One of these was the simple question of how he first became a thieftaker. That was what I sought to figure out as I began writing this short story. I started off with a set of givens: Ethan has served nearly fourteen years at hard labor on a sugar plantation in Barbados for his involvement in a mutiny aboard a privateering ship; he is a conjurer, but he has eschewed spellmaking for years in part because he blames his conjuring talents for his involvement in the mutiny that ruined his life, and in part because he fears being hanged as a “witch,” a fate that befalls many conjurers in eighteenth century Massachusetts; he has returned to Boston broke, disgraced, alone and desperate to find some way to support himself; and while he is embittered by his past and all that he has lost, he has not yet given up his humanity. I also had some faint inkling of the small mystery that would present itself during the course of the story.
But as I started to write, I didn’t know how he would turn his current circumstances into a new life, nor was I certain how he would rediscover his aptitude for spellmaking.
Quite often, when working with characters who have become familiar to us, we writers give up planning and outlining, and simply trust that the characters themselves will tell us what we need to know in order to write their stories.

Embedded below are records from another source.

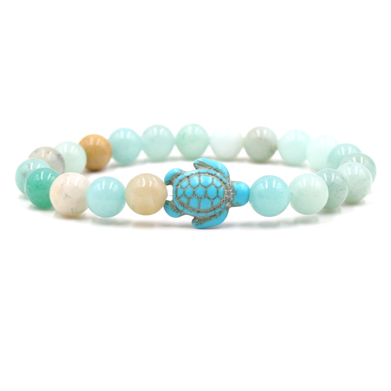 2018年新款绿色松石乌龟火山石白松石多款天 然石男女款弹力手链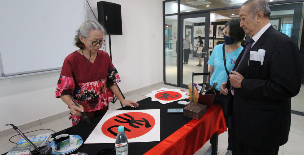 翰墨情浓献尊孔书画义展于12月11日当天迎来第二轮的名家现场挥毫,参与这次挥毫的名家有谢欣颐老师、王雅老师与李丽珍老师。王雅老师写了郑燮《竹石》的诗句赠予尊孔。郑燮在《竹石》写咬定青山不放松,立根原在破岩中。千磨万击还坚劲,任尔东西南北风。王雅老师表示,《竹石》正如华教、正如尊孔,翠竹挺立在青山的景象,竹子不畏艰难、不屈不饶与大自然对抗的顽强精神,一个“咬”字将竹子拟人化,更是凸显出了华文教育的坚韧不拔。而立根原在破岩中更是寓意着华教即便在环境不佳的情况下仍能根基牢固的扎根,竹的根茎深深地扎入破岩中,竹与石,浑然一体,无石竹不牢固,无竹山不青翠,竹与石、石与竹相辅相成。而诗句的最后,千磨万击还坚劲,任尔东西南北风,更是说明了竹子经历了无数磨难与打击的坚韧,即便是酷暑或严冬也能屹立不倒。谢欣颐老师则是现场演示了她擅长的水墨结合动漫的人物绘制,老师现场绘制了一位侠客;而李丽珍老师则挑战了书写100幅形态各异的“兔”字,并以义卖的方式在现场售卖。出席这场现场挥毫的人士有沈德和董事长、侯渊富署理董事长、王金水董事、蔡兴明董事、吴宪民董事、萧岓年董事与李庆进董事。。翰墨情浓献尊孔书画义展旨在为本校筹募建校基金,欢迎有意购买书画支持这次筹款的人士浏览义展画册 http://sas.confucian.edu.my/publications/hanmoqingnong-booklet/mobile/index.html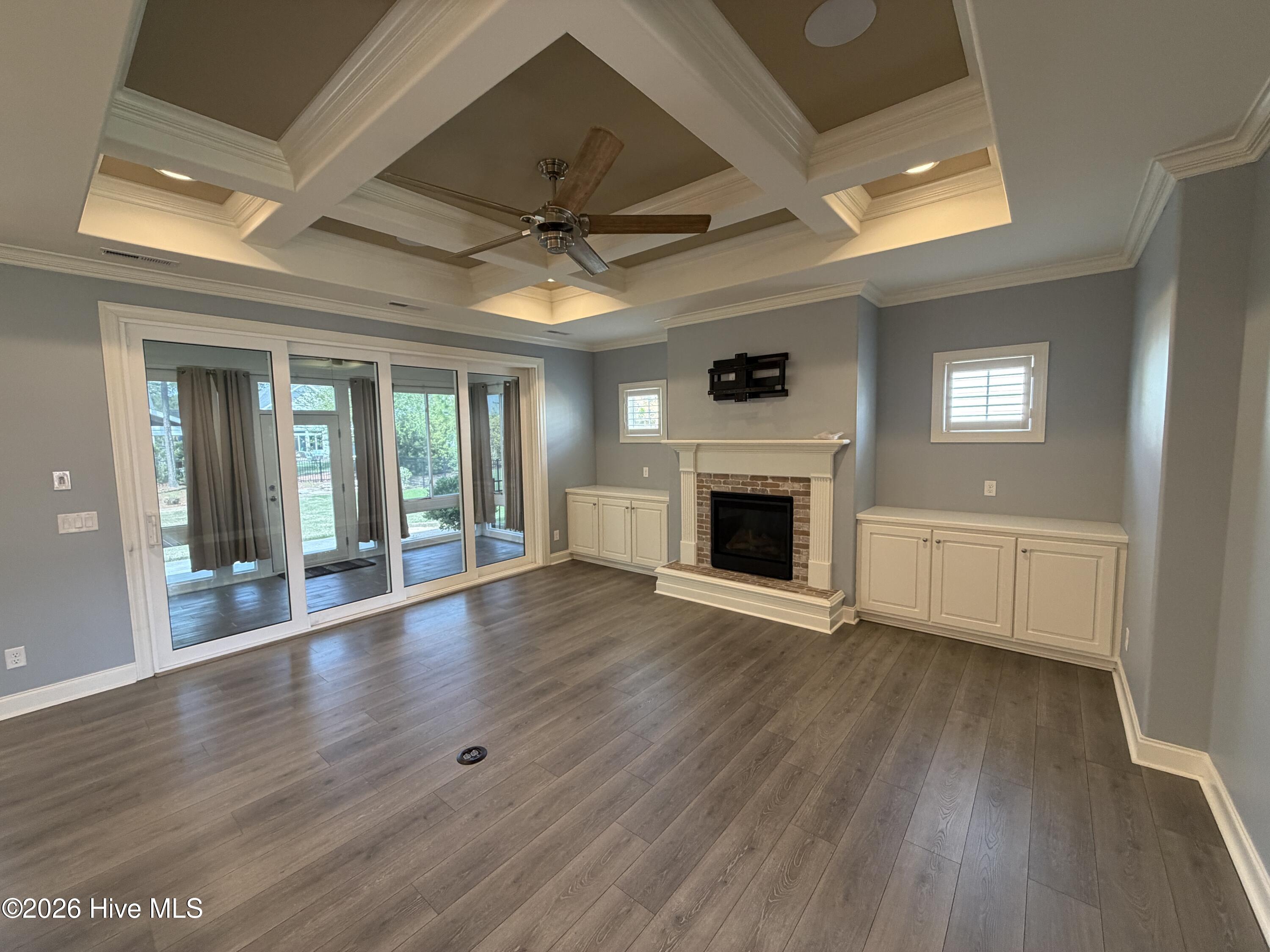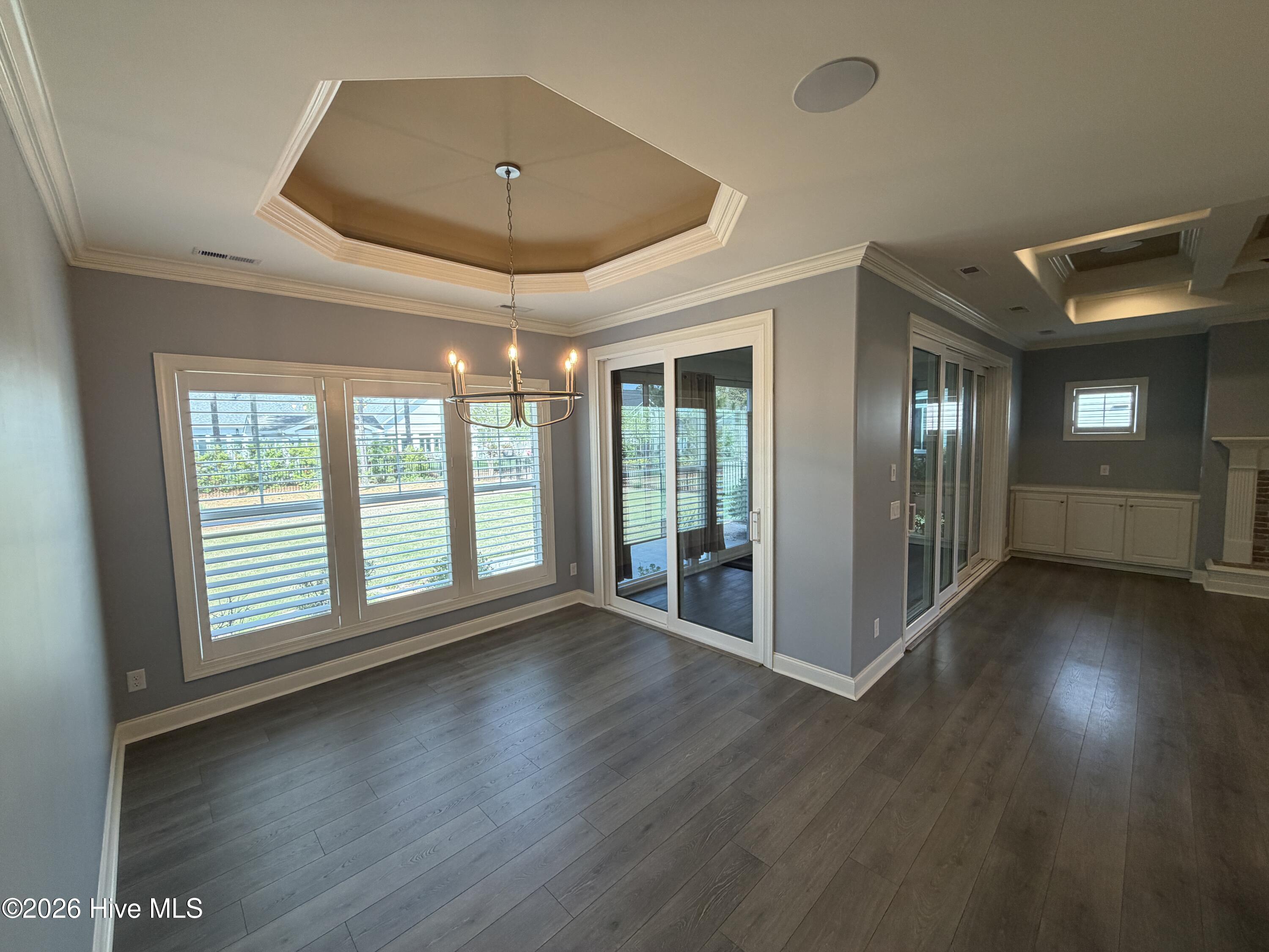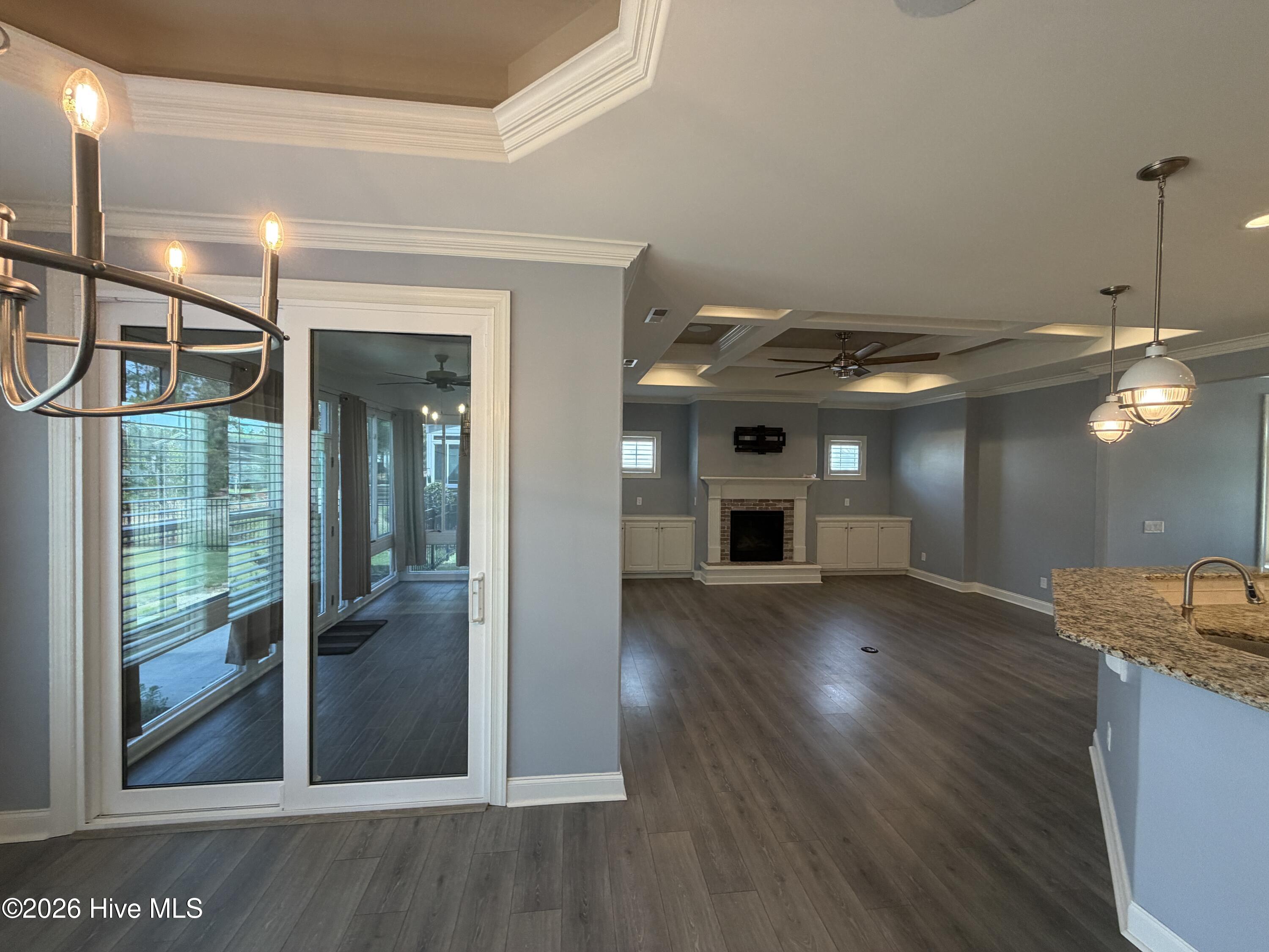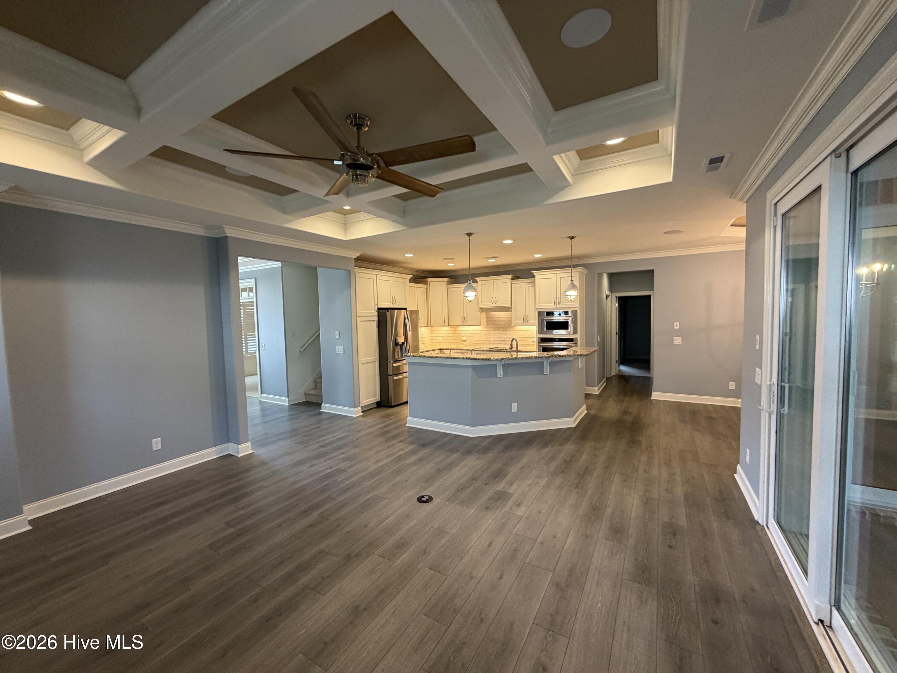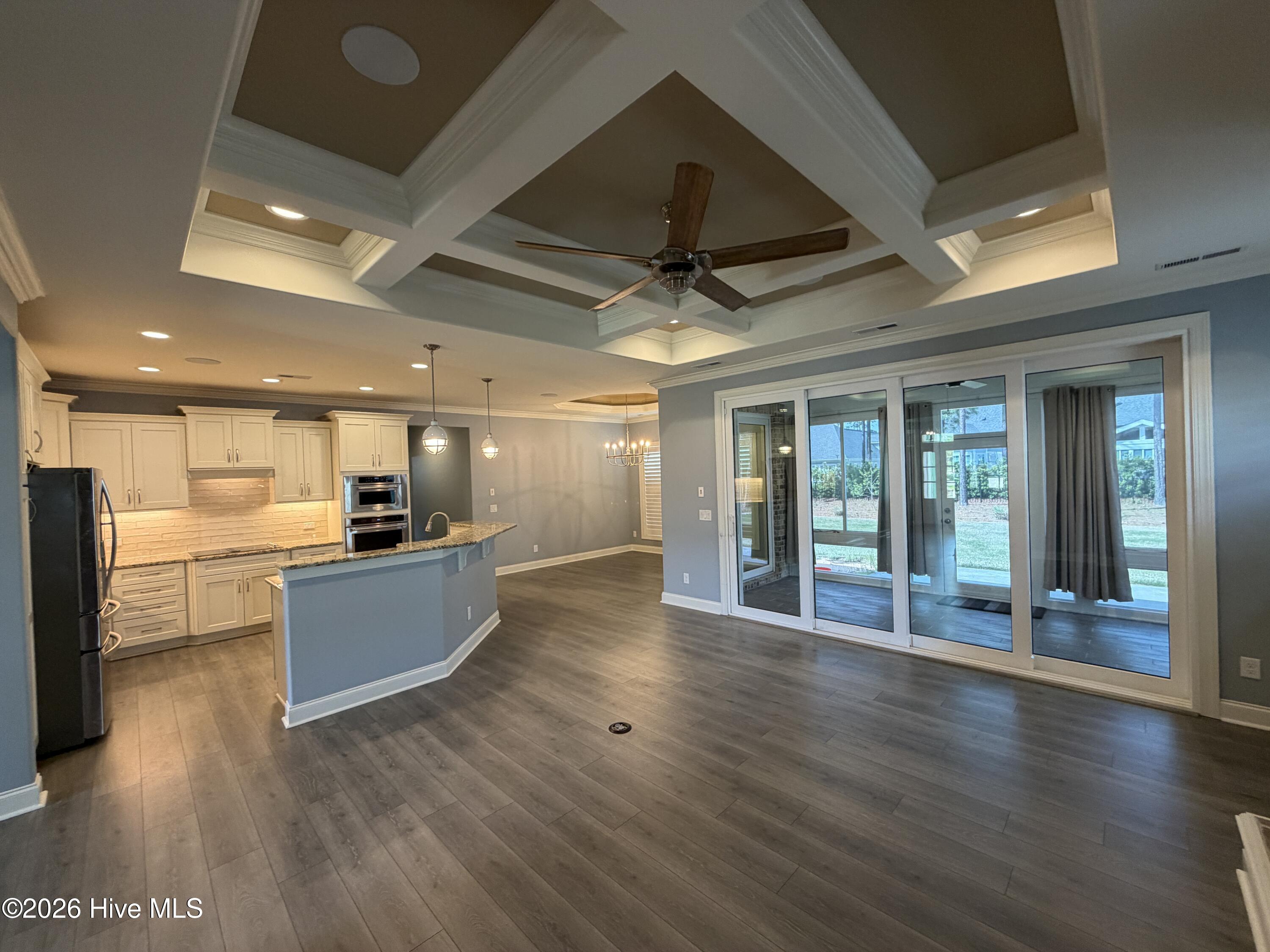 The open-concept layout showcases crown molding, tray ceilings, rounded drywall corners, and ceiling fans, flowing seamlessly into the dining area and upgraded kitchen. The kitchen is equipped with KitchenAid appliances, solid-surface countertops, an oversized island, abundant cabinetry, and a new LG refrigerator (2023)—ideal for entertaining and everyday living. A first-floor audio system, Honeywell Home alarm, and three professionally installed TV mounts add convenience and comfort.

That’s what I did with “A Memory of Freedom.” I don’t think I have ever known any character as well as I know Ethan, nor have I ever trusted a character so thoroughly. He didn’t disappoint me.
In the end, his embrace of a new trade and his return to conjuring allowed this tale to mark the transition from his old life to the new one about which I’ve written in other stories.
I should also take a moment to comment on the historical elements of this story and the Thieftaker books. I have a doctorate in U.S. history, and had long looked for a way to blend my fascination with history with my love of fantasy. In the Ethan Kaille stories, I finally have found the perfect vehicle for this combination. The Boston I have created for the stories and books is as true to actual history as I could make it, save for two rather significant historical conceits.
First, while there were thieftakers -- private citizens who recovered stolen items and, for a fee, returned them to their rightful owners -- in England throughout the eighteenth century, and while there were a few thieftakers in cities of the New World early in the nineteenth century, there is no evidence that anyone worked that trade in pre-Revolutionary America. There was no established police force in Boston at this time. The night watch was not an effective crime fighting force, and the Sheriff of Suffolk County had no officers working under his command. So it is quite easy to imagine that thieftakers could have worked the streets of the city. But as I say, there is no historical evidence suggesting that they actually did.
And second, as far as I know, there were no conjurers in the Boston of the 1760s. But I could be wrong about that.